-- Exercise instructions --
From the line containing "Surrounded by clean" to the last line of the records, reproduce every line exactly and print nothing else.

-- Records for the task --

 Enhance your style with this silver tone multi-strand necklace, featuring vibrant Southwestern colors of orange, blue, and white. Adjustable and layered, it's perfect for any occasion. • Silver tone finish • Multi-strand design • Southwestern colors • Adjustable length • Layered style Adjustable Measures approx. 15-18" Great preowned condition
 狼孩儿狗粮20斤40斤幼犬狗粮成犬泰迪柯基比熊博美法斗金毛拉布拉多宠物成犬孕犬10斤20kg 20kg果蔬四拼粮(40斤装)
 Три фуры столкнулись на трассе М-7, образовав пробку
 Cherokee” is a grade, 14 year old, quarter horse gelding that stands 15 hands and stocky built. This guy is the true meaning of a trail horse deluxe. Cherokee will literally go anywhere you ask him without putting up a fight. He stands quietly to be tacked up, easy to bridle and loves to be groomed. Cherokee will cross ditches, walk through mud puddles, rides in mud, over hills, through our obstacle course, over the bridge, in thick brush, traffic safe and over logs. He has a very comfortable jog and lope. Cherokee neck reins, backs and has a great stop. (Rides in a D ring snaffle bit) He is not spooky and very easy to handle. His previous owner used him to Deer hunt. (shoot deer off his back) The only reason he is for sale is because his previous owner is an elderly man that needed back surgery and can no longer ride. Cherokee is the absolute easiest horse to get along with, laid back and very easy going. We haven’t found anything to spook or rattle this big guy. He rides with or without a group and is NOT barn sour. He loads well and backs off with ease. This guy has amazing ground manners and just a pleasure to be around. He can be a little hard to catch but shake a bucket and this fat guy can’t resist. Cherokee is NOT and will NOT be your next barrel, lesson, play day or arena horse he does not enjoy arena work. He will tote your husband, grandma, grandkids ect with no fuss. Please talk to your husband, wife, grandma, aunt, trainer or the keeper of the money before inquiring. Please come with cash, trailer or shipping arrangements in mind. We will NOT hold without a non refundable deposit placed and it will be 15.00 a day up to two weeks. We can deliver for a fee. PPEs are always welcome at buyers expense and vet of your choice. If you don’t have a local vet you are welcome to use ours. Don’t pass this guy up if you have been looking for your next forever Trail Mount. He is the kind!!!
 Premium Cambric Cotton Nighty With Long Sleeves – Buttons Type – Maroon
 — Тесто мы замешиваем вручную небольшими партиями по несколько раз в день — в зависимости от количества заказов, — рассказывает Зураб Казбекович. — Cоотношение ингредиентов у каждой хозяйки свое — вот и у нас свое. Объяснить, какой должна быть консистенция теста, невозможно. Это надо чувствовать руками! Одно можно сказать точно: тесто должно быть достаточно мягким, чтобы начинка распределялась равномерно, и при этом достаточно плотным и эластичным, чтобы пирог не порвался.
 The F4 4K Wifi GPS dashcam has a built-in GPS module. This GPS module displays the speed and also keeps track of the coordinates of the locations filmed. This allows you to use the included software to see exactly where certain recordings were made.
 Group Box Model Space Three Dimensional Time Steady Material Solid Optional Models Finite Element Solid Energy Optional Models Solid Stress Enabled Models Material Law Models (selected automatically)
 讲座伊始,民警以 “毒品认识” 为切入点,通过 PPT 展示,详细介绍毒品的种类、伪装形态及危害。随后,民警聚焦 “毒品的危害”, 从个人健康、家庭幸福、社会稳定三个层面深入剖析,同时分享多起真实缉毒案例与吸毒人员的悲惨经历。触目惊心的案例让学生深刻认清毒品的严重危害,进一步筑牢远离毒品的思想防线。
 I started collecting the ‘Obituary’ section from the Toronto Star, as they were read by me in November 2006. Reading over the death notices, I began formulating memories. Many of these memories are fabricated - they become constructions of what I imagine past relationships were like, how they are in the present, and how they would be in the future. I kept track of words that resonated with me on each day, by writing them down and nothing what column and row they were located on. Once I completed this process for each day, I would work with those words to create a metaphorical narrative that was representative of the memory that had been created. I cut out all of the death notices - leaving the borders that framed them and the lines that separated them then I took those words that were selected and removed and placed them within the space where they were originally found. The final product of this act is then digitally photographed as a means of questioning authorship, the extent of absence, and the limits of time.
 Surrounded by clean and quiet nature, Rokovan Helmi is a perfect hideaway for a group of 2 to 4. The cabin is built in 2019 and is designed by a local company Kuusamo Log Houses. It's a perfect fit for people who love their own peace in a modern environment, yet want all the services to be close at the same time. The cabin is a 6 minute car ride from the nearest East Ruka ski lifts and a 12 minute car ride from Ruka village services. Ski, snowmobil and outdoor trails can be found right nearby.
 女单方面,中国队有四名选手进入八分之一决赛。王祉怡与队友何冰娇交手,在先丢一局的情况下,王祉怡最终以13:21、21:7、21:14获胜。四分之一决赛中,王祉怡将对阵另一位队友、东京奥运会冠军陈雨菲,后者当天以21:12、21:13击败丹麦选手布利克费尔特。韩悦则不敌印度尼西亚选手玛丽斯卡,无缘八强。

-- Task output --
 Surrounded by clean and quiet nature, Rokovan Helmi is a perfect hideaway for a group of 2 to 4. The cabin is built in 2019 and is designed by a local company Kuusamo Log Houses. It's a perfect fit for people who love their own peace in a modern environment, yet want all the services to be close at the same time. The cabin is a 6 minute car ride from the nearest East Ruka ski lifts and a 12 minute car ride from Ruka village services. Ski, snowmobil and outdoor trails can be found right nearby.
 女单方面,中国队有四名选手进入八分之一决赛。王祉怡与队友何冰娇交手,在先丢一局的情况下,王祉怡最终以13:21、21:7、21:14获胜。四分之一决赛中,王祉怡将对阵另一位队友、东京奥运会冠军陈雨菲,后者当天以21:12、21:13击败丹麦选手布利克费尔特。韩悦则不敌印度尼西亚选手玛丽斯卡,无缘八强。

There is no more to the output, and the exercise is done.